Kymera cuts lymphoma med that performed as expected in phase 1

Targeted IRAK4 protein degrader KT-413 did exactly what it was supposed to in an early-stage clinical trial, but Kymera Therapeutics is still jettisoning the program.

The Watertown, Massachusetts, biotech is cutting the lymphoma med for strategic reasons to focus resources on other areas of the pipeline, according to a Thursday third-quarter earnings release.

KT-413 had already shown target knockdown in the blood and tolerability in a phase 1 study. Kymera said the med achieved target degradation levels without spurring dose-limiting toxicities.

But, in this market, something has to go. The decision “reflects financial discipline around program prioritization,” said CEO Nello Mainolfi, Ph.D., in the release. The company will now be able to direct resources to therapies that have the potential to address larger patient populations with significant need and clear commercial opportunity.

“With the promise of our growing pipeline, and in the context of the changing diffuse large B-cell lymphoma treatment landscape, we have decided to discontinue the development of KT-413, despite the program having achieved desired target degradation levels without dose-limiting toxicities,” said Mainolfi.

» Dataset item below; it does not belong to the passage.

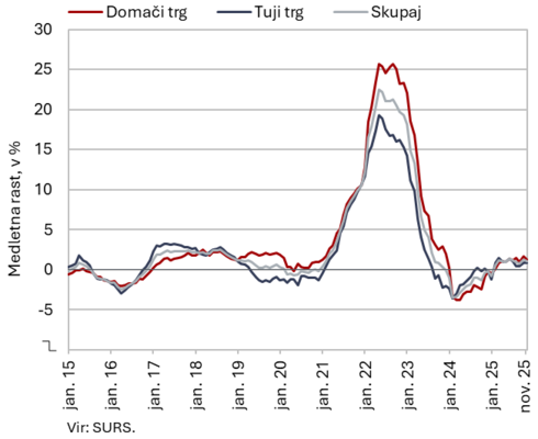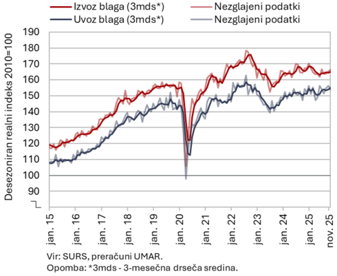 Realni izvoz blaga se je novembra tekoče povečal, uvoz pa zmanjšal; oba sta bila v povprečju zadnjih dveh mesecev višja kot v tretjem četrtletju (desez.). Realni izvoz blaga se je tekoče povečal drugi mesec zapored, najbolj izvoz vozil in opreme, ki sicer precej niha. Večji je bil tudi izvoz drugih strojev in naprav ter kemičnih izdelkov, zlasti farmacevtskih. Zmanjšal se je izvoz primarnih izdelkov, predvsem hrane, in nekaterih materialov. Realni uvoz blaga se je po več mesecih rasti novembra zmanjšal. K upadu je prispeval predvsem manjši uvoz proizvodov za vmesno potrošnjo, ki sicer že več mesecev opazno niha (desez.). V enajstih mesecih leta 2025 je bil izvoz medletno manjši za 0,2 %, uvoz pa večji za 1,6 %. Na medletni upad izvoza je vplival predvsem manjši izvoz vozil ter drugih strojev in naprav, manjši je bil tudi izvoz železa in jekla ter nekaterih drugih materialov (izdelki iz kavčuka, mineralni proizvodi, papir). Povečal se je izvoz večine drugih glavnih skupin proizvodov, najbolj farmacevtskih. Izvozna naročila v predelovalnih dejavnostih so tudi decembra ostala nespremenjena na zelo nizki ravni.

The decision will extend Kymera’s cash runway into the first half of 2026, compared to a previous estimate of the second half of 2025. That should reach beyond key readouts for the biotech’s clinical programs. Kymera has $435 million in cash and equivalents as of Sept. 30. 

With KT-413 cast off, Kymera will focus more on the Sanofi-partnered IRAK4 degrader KT-474/SAR444656. Sanofi just began dosing in a phase 2 study for hidradenitis suppurativa in October. The therapy is also being tested in atopic dermatitis. With the first patient receiving a dose, Kymera received a $40 million milestone payment.

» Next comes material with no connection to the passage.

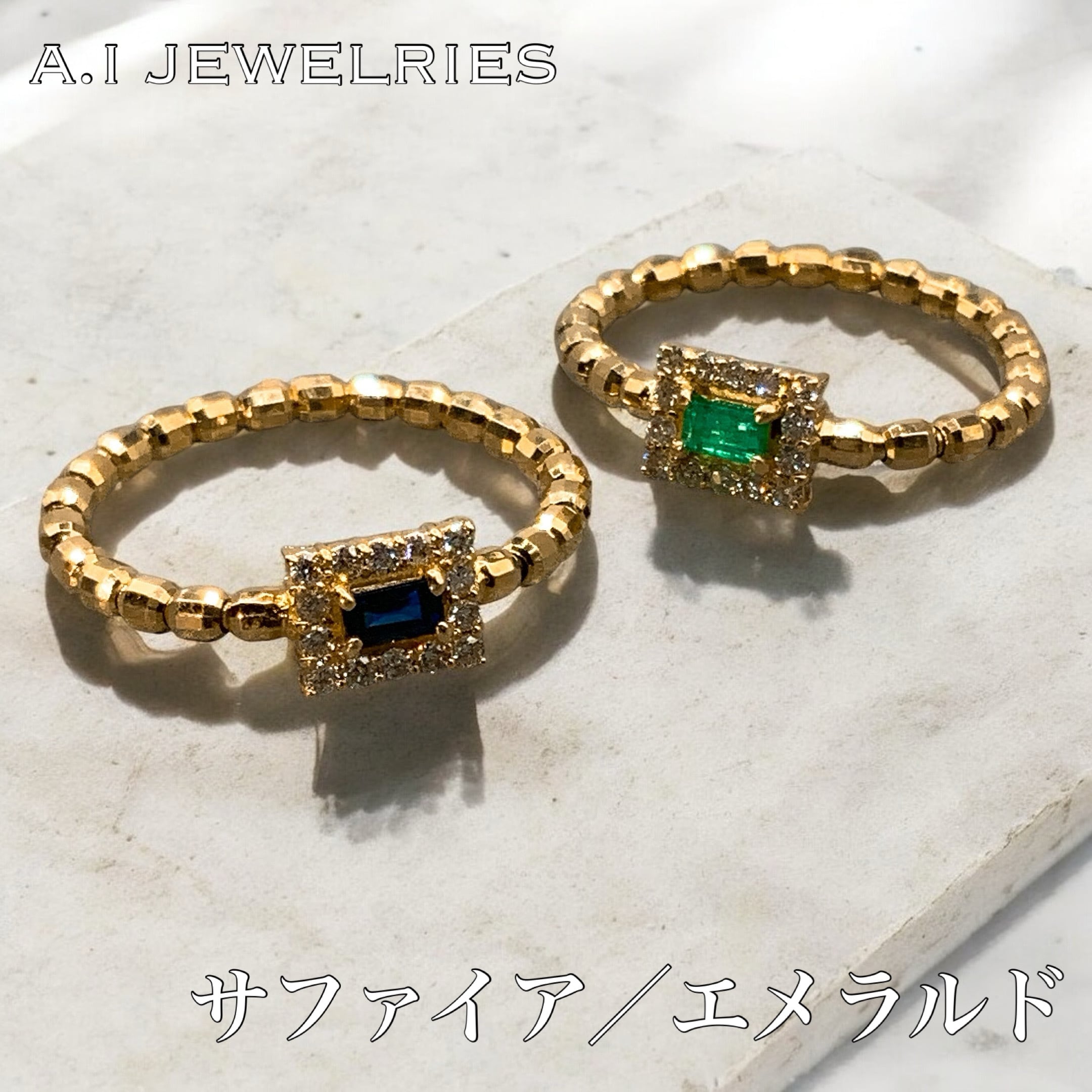 #K18 #18金 #サファイア #sapphire #ダイヤモンド #diamond #アジャスタブル #adjustable #形状記憶ワイヤー #ring #リング #エイアイジュエリーズ #レディース #aijewelries

Kymera will also showcase the lymphoma and solid tumor med KT-333 at the upcoming American Society of Hematology meeting. An abstract to be released today will detail a phase 1 clinical trial of 21 patients with 12 evaluable as of the data cutoff. Kymera said that one partial response had been achieved in a patient with cutaneous T-cell lymphoma (CTCL) after two treatment cycles, while three patients with solid tumors had stable disease after two cycles. The therapy was granted a fast-track designation in relapsed/refractory CTCL and relapsed/refractory peripheral T-cell lymphoma.

Enrollment has also been completed in a phase 1 study of KT-253 for solid tumors and lymphomas.

Kymera will hold a virtual R&D day on Jan. 4, 2024.